Palimpsestic Preservation — 
technology-driven archaeological site intervention


AUD401: Advanced Topics Studio
Instructor: Jason Payne
Duration: 6 weeks


While Obama’s National Monument designation of the politically and culturally contested lands of Bears Ears sought to respect the wishes of various Indigenous tribes, it did not effectively prevent or deter vandalism at archaeological sites. This project proposes a means of preservation that utilizes holographic projection technologies both on and off site to produce a more expanded and temporally conscious understanding of Indigenous archaeology for the public. It is comprised of an infrastructural assemblage at the antiquity and a building complex at the edge of the monument’s boundary.


UCLA Architecture and Urban Design
Winter 2021







The deliberate vandalism that occurs on these federal and Indigenous lands is made most evident by looking at more remote regions of Bears Ears, such as the Beef Basin. This area is a fragile one that holds high research value to archaeologists as there is a general need to document and protect a broad landscape of Indigenous structures. The region is prone to heavy looting and disturbances caused by visitors who freely roam the terrain with their 4x4 off road vehicles. The network of structures across the Basin are each positioned in seemingly important ways, either on flat, low elevations and fully visible or perched atop canyons and rock formations, blending into the surrounding landscape.






Atop a hill in Ruin Canyon, one can find the largest documented archaeological site in the Beef Basin, known as the High House, a 3 story Indigenous dwelling complex with 12 to possibly 25 rooms around a central court. Focusing on this dwelling in particular, this project proposes an infrastructural system of armatures meant to support the use of projection technologies, such as holography, onto the dwelling, alongside physically outlining the dwelling’s original form through the arm’s positions. Each arm’s position snaps to the center points of the 12 rooms visible in the remains, hoisting a holographic projection device that could project directly below and around it to a given radius. The assumed commitment to preservation through building is understood to be unnecessary here, functioning first and foremost as a piece of infrastructure and secondly as architecture.








Continuous to the agenda of protecting Bears Ears and in particular, the Beef Basin’s Indigenous archaeological record, the proposed Center for Indigenous Archaeology of the Beef Basin is sited directly along where the national monument’s arbitrary western bounds crosses Utah State 95, accessed by an existing dirt road that breaks off the highway. Its form and posture on the site produces sidedness in the project, with three public galleries connected by an open-air path facing the highway and an archaeologist-in-residency workshop and temporary residences for archaeologists working in the area tucked to the south.









This project is represented in a vain that is reflective of the poster advertisements created by the WPA in the 1940s (Works Progress Administration) that celebrated the 100th anniversary of the National Park Services. In this case, Bears Ears National Monument is effectively maintained by the BLM (Bureau of Land Management) and the Inter-tribal Coalition of tribes that hold historical ties to the land.

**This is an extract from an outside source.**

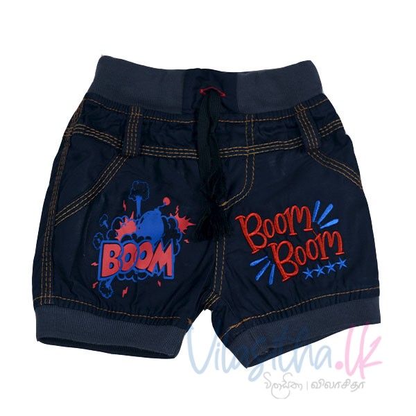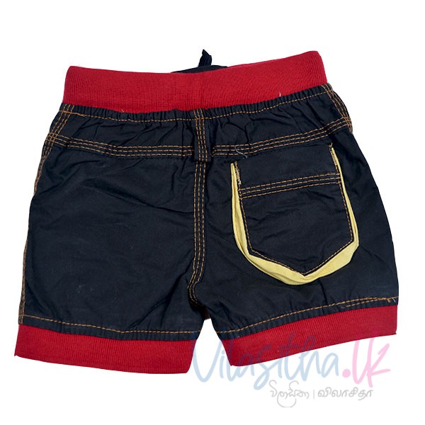 Denim short with color band.

The primary experiential space of the building is based on and seeks to maintain a connection to the High House dwelling. Through the collection of signal data from the infrastructural arms above the antiquity, a rerepresentation of the artifact is maintained at 1:1 scale for view by visitors within a space that is referential to the theater in the round typology. By way of a focus on remote-sensing technologies within the space, a reinvented and enclosed function for a historically open-air theater type becomes the heart of the project.












Connected to the theater is an open exhibit that would display current efforts undertaken by the archaeologist in residence, along with an open view to below of the archaeologist’s workshop. Expanding out from the theater is a series of three galleries, focused specifically on archaeology and excavation, Indigenous knowledge and sensing, and remote-sensing and environmental technologies. The spaces enclose along a curved wall for panorama projection and remain otherwise open to the surrounding landscape. Below each of these volumes is where spaces programmatically specific to archaeology are sited, including antiquity material storage, wet and dry labs, offices, and image processing rooms.









Within the galleries above, visitors not only view static objects and photographs selected to be on display, but also gain glimpses into the living and moving work of archaeologists below by way of super ellipse-shaped punctures in the gallery’s ground plane. Through doing so, archaeology is put on display to visitors in the galleries in a manner that extends beyond selective, static curation to produce transformative narratives through the display of ongoing work. Alongside this, the utilization of projection technologies in the theater allows for the Indigenous dwelling’s past to become a part of its present state and thus reproduces the history of the dwelling itself. In its entirety, the building complex strives to produce a more expanded and temporally-conscious understanding of Indigenous archaeology for the public.